Relevance to airside: GT-sampling is directly applicable for augmenting rare airside objects (e.g., de-icing trucks, aircraft tugs) by building a GT database from limited real collections and pasting them into diverse scene contexts.
5.2 Copy-Paste Augmentation
Copy-paste extends GT-sampling to multi-modal settings. Objects (point clouds + corresponding image patches) are copied from one scene and pasted into another, with:
- Occlusion handling (removing points behind pasted objects)
- Shadow and ground plane consistency
- Multi-modal alignment between LiDAR points and camera pixels
5.3 PointMixup
PointMixup (ECCV 2020) generates new training examples by interpolating between two point clouds via optimal assignment. It finds the shortest path between point clouds using assignment-invariant linear interpolation, creating smooth transitions between objects. Particularly effective when training examples are scarce and for improving robustness to noise and geometric transformations. Focuses on object-level augmentation.
5.4 PolarMix
PolarMix (NeurIPS 2022) is a cross-scan augmentation strategy for LiDAR semantic segmentation that operates in polar coordinates:
- Randomly divide the field of view into azimuth regions
- Swap all points within selected angular intervals between two scans
- Optionally apply instance-level rotation and paste
Published results demonstrate:
- Consistent best performance across two baseline networks and three benchmarks
- Can achieve equivalent segmentation mIoU using only 75% of SemanticKITTI data (compared to 100% without PolarMix)

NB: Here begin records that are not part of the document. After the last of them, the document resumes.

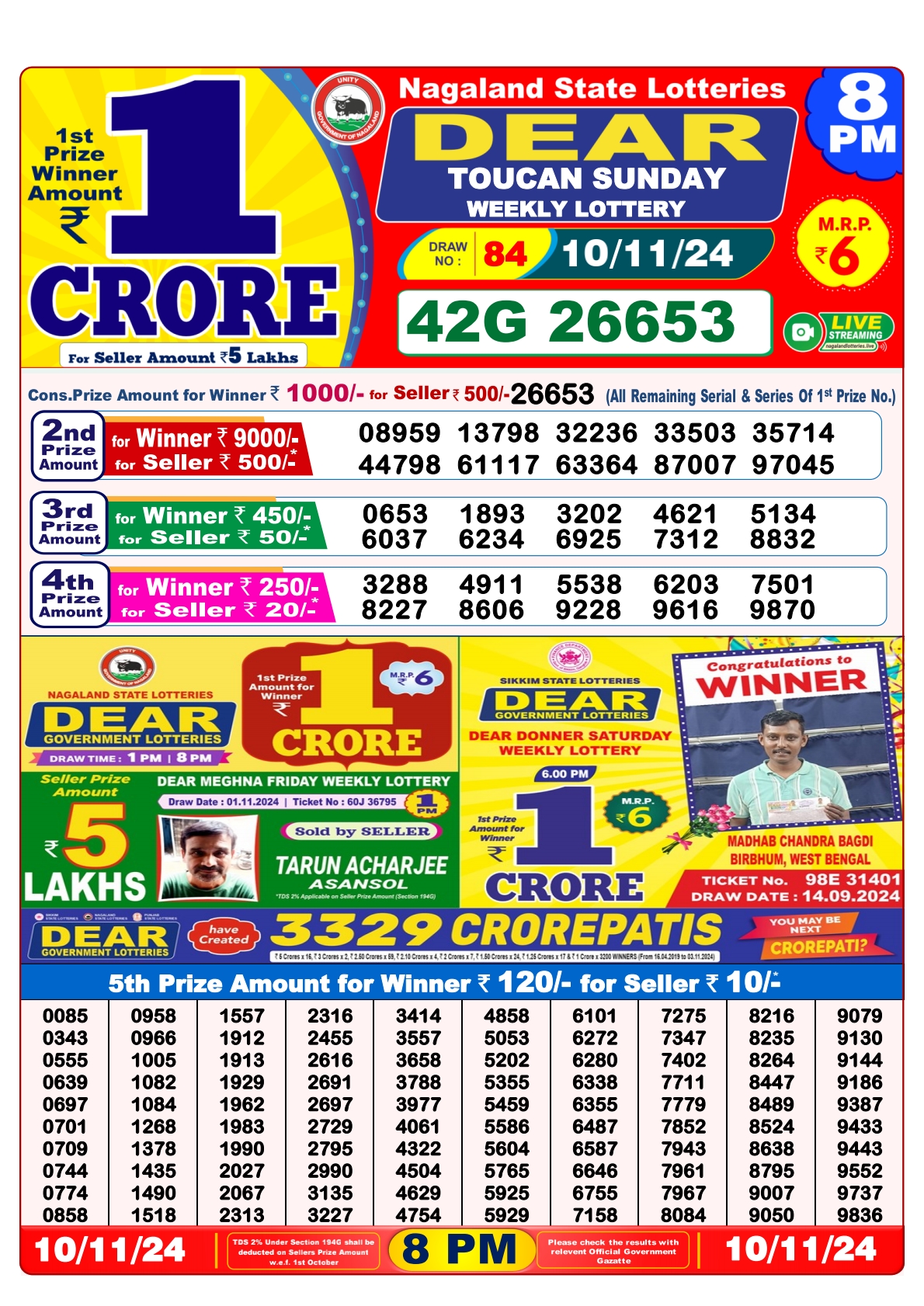 Dear toucan  Weekly Lottery 8PM Result 10.11.24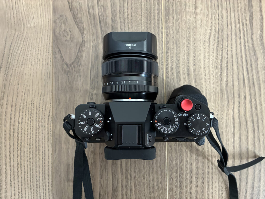 X-T5は、上部にシャッタースピードやISO感度を調整するダイヤルがあります。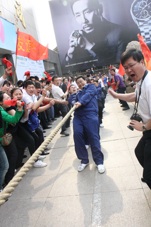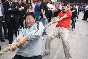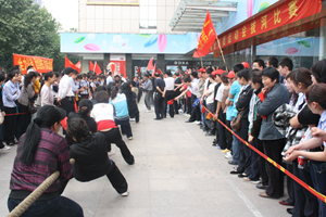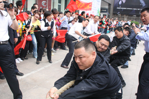 5月16日,“和諧九州”拔河比賽在九州大廈門(mén)前廣場(chǎng)舉行,九州商業(yè)大廈、臨沂賓館、九州連鎖超市公司、九州宜家佳、九州汽車銷售公司、集團(tuán)行政等六支代表隊(duì)參加比賽。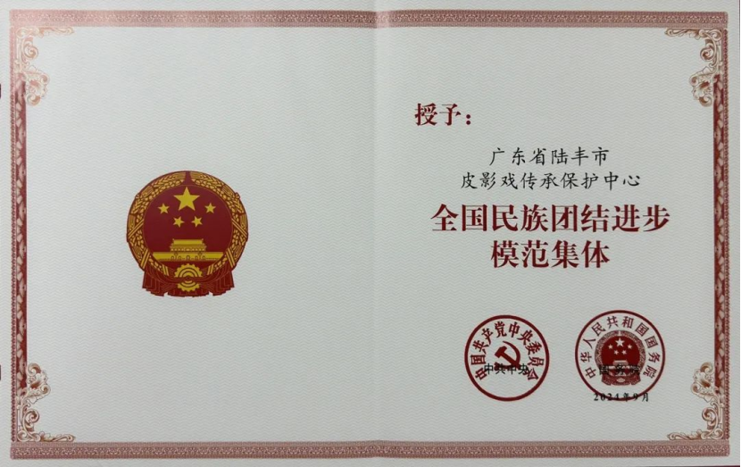 9月27日,在北京舉行的全國民族團(tuán)結(jié)進(jìn)步表彰大會上,市皮影戲傳承保護(hù)中心被授予“全國民族團(tuán)結(jié)進(jìn)步模范集體”榮譽(yù)稱號,也是汕尾市唯一獲此殊榮的集體。這份重磅的榮譽(yù),讓市皮影戲傳承保護(hù)中心全體工作人員感到無比榮耀、更顯擔(dān)當(dāng)。

- Under 10% label noise: 44.12% mIoU on SemanticKITTI vs 32.99% baseline (+11.13pp)
- nuScenes: 33.48% vs 21.76% baseline (+11.72pp)
5.5 PillarMix / CAPMix
Class-Aware PillarMix (CAPMix) applies MixUp at the pillar level in 3D point clouds, guided by class labels. Uses a beta distribution to sample mix ratios. Targets the specific challenge of class imbalance in 3D detection datasets.
5.6 Progressive Population Based Augmentation (PPBA)

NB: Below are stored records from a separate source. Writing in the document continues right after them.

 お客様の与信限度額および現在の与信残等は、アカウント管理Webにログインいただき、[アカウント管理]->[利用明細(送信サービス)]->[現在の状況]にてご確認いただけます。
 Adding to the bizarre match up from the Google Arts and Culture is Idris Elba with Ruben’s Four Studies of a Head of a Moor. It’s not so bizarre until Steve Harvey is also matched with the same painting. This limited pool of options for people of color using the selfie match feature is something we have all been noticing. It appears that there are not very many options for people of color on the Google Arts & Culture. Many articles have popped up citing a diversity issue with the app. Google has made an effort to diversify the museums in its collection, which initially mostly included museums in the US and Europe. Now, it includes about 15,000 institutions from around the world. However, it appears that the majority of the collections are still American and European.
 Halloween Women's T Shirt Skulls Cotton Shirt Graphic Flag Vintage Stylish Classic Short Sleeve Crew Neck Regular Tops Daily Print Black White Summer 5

Waymo's automated augmentation approach uses evolutionary search to find optimal augmentation policies. Key finding: PPBA is up to 10x more data-efficient than training without augmentation. The cut-and-paste strategy is particularly effective with limited training data, though gains diminish with large annotation volumes.
5.7 Augmentation Strategy for Airside
Recommended augmentation stack for airside 3D detection:
- GT-Paste with airside-specific GT database (GSE, aircraft nose gear, workers, baggage carts)
- PolarMix for LiDAR segmentation models processing taxiway/apron surfaces
- Context-guided placement constrained by taxiway/apron geometry from AIXM data
- Class-balanced sampling to address severe class imbalance (rare GSE types vs common baggage tugs)
6. Sim-to-Real Gap Quantification and Mixing Ratios
6.1 Quantifying the Gap
The sim-to-real gap is the distributional shift between synthetic training data and real-world deployment data, causing models to overfit to simulation artifacts. Recent work proposes systematic metrics:
Style Embedding Distribution Discrepancy (SEDD): Combines Gram matrix-based style extraction with metric learning optimized for intra-class compactness and inter-class separation. Provides a single scalar metric quantifying the stylistic gap between synthetic and real datasets.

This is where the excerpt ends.